Dugaan pencaplokan batas wilayah NKRI di Kalimantan Barat oleh Malaysia

Indikasi pencaplokan tanah oleh negeri jiran di Dusun Camar Bulan Desa Temajuk Kabupaten Sambas bukan isapan jempol. Faktanya, sebagian wilayah NKRI itu masih dalam Outstanding Boundary Problem (OBP) alias dalam proses perundingan. Dilapangan, patok batas negara banyak yang rusak, hilang dan bergeser. Akibatnya jengkalan wilayah Indonesia terindikasi berkurang. Arlizen  AB, Kepala Bagian Tata Pemerintahan (Tapem) Kabupaten Sambas, yang pernah menjabat Camat Paloh selama kurun waktu tahun 2002-2008, menjelaskan,  permasalah batas Negara ini bukan merupakan masalah baru.  Namun harus disikapi serius. Bermula dari laporan warga setempat, adanya indikasi kerusakan patok batas negara. Informasi ini pun ditindaklanjuti. 27 Agustus 2005 turunlah tim yang terdiri dari unsur Kecamatan, Koramil, Libas (Satuan Penjaga Lintas Batas), Perangkat Desa, Brimob dan tokoh masyarakat (11 orang).  Mereka menemukan patok yang diduga telah dirusak berjarak sekitar 2.800 meter dari A104 yang ada. Ini dituangkan dalam Surat Camat Paloh No. 074/497/Pem-Tb, 31 Agustus 2005.
“Awalnya dari laporan masyarakat kurang lebih 3.000 meter patok batas kedua negara masuk ke wilayah Malaysia di titik A104 (Camar Bulan).  Setelah dicek pastinya 2.800 meter dengan jarak tempuh diduga 1 jam 6 menit,” jelasnya kepada Pontianak Post, kemarin (10/10). 

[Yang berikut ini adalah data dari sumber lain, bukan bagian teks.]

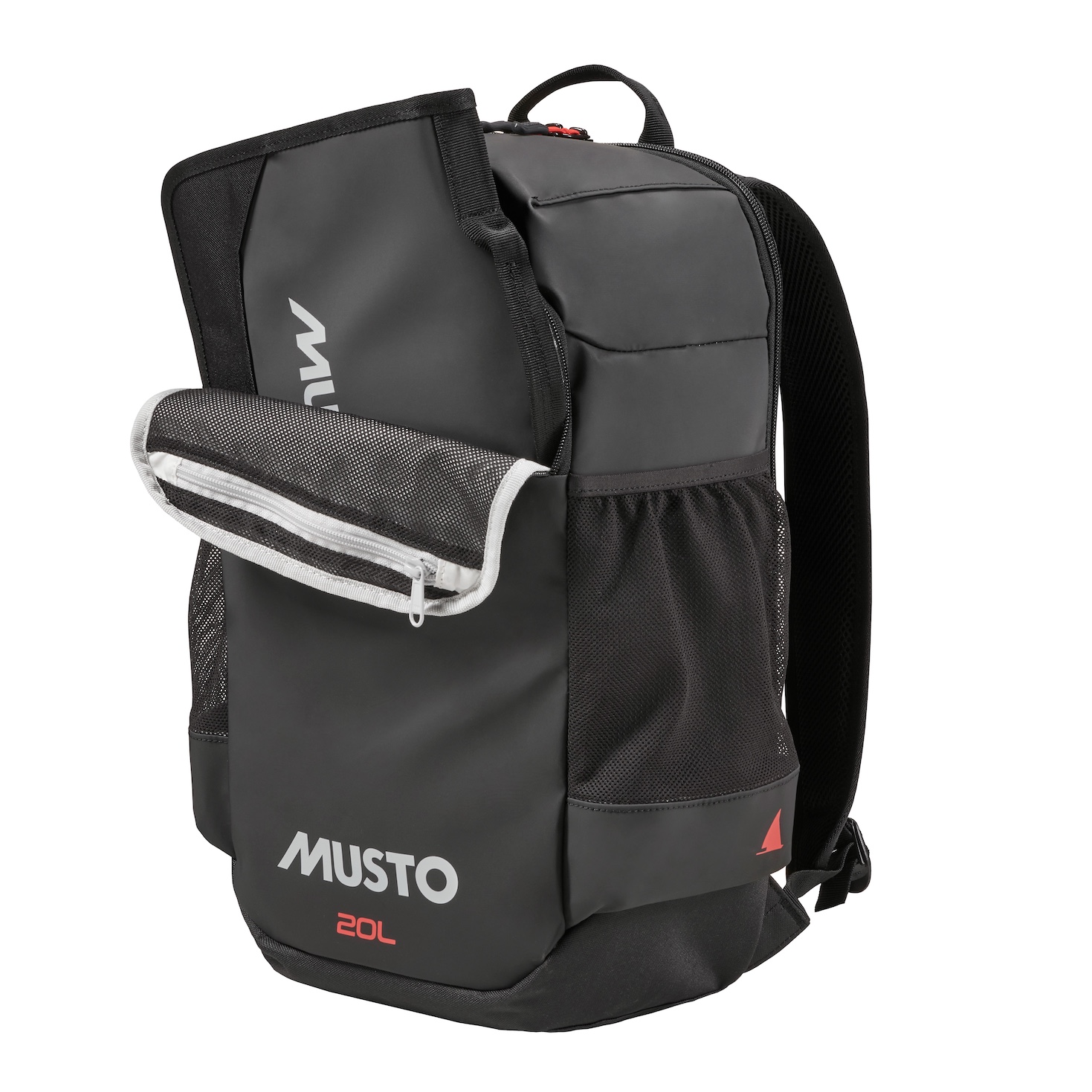 Useat sisäpuolen taskut auttavat pitämään tarvikkeet siististi järjestyksessä, ja irrotettava peili tuo lisää joustavuutta valmistautumiseen matkalla. Viimeistelynä laukussa on tukeva kantokahva sekä Musto-brändäys.
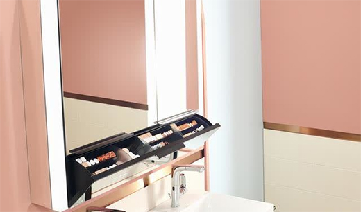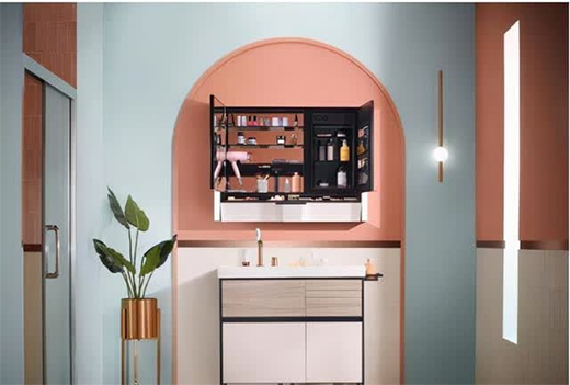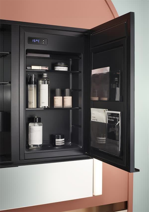 值得一提的是,鏡柜還有內(nèi)置“美妝冰箱”,不同季節(jié)可以按需調(diào)控溫度,這個設計可以說是很人性化了。此外,鏡柜下方的便捷式翻抽空間以透明隔層合理分隔成若干個分區(qū),大小形狀不一的彩妝用品均可整齊排列,可作為“口紅吧”收納約100支口紅。
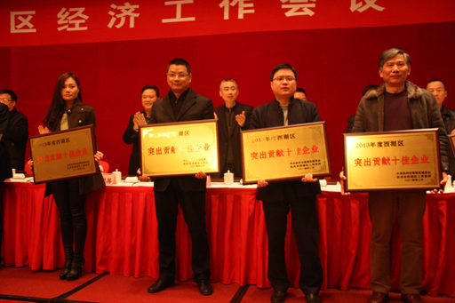 會議表彰了2013年度西湖區“突出貢獻十佳”、“高速成長十佳”等一批優秀企業和區財政局等一批經濟工作先進單位和個人,并舉行了頒獎儀式。浙商創投和綠城房產、宋城股份、青春寶集團、農夫山泉等重點企業榮獲“突出貢獻十佳企業”,并獲評“綜合實力百強企業”。華曄宇代表公司上臺領獎。
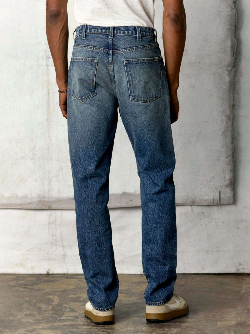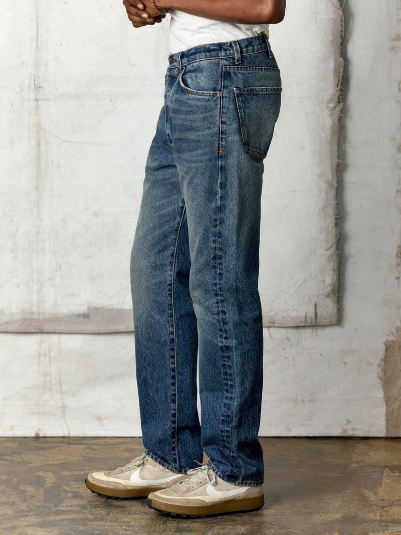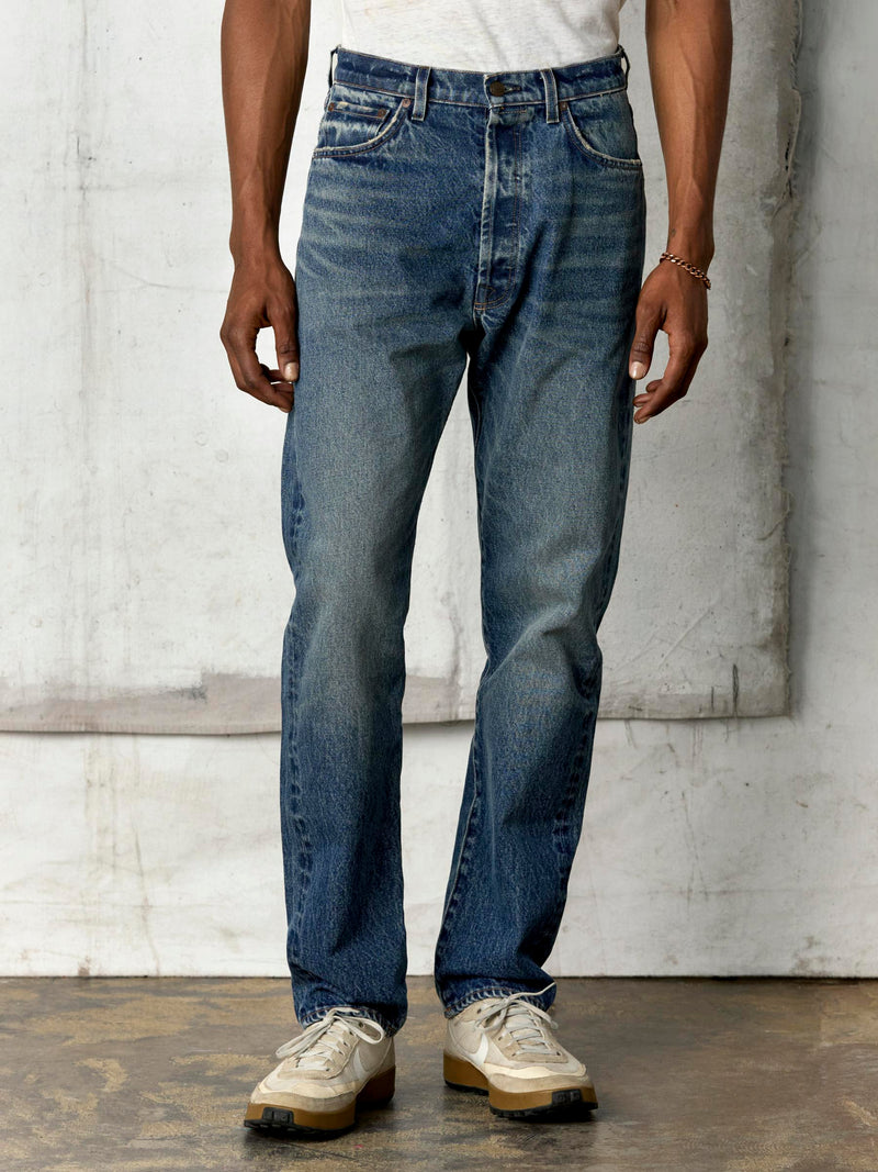 a mid-rise with a relaxed, lower slung top block down to a clean tapered leg

Bahkan ia menegaskan dari cek di lapangan patok dalam keadaan rusak. “Dengan rusaknya patok ini maka mudah terjadi pergeseran,” katanya. Masalahnya sudah kurang lebih enam tahun, tapi baru sekarang kembali mencuat ini. Kini tim kecil Outstanding Boundary Problem (OBP) telah sepakat untuk membahas permasalahan batas mulai dari sektor timur (segmen Pulau Sebatik) sampai dengan segmen Tanjung Datu.Secara diplomatik urusan ini bisa saja dilakukan kedua negara dengan membuat MoU, namun secara sosial kemasyarakatan di lapangan sudah terjadi hal yang serius.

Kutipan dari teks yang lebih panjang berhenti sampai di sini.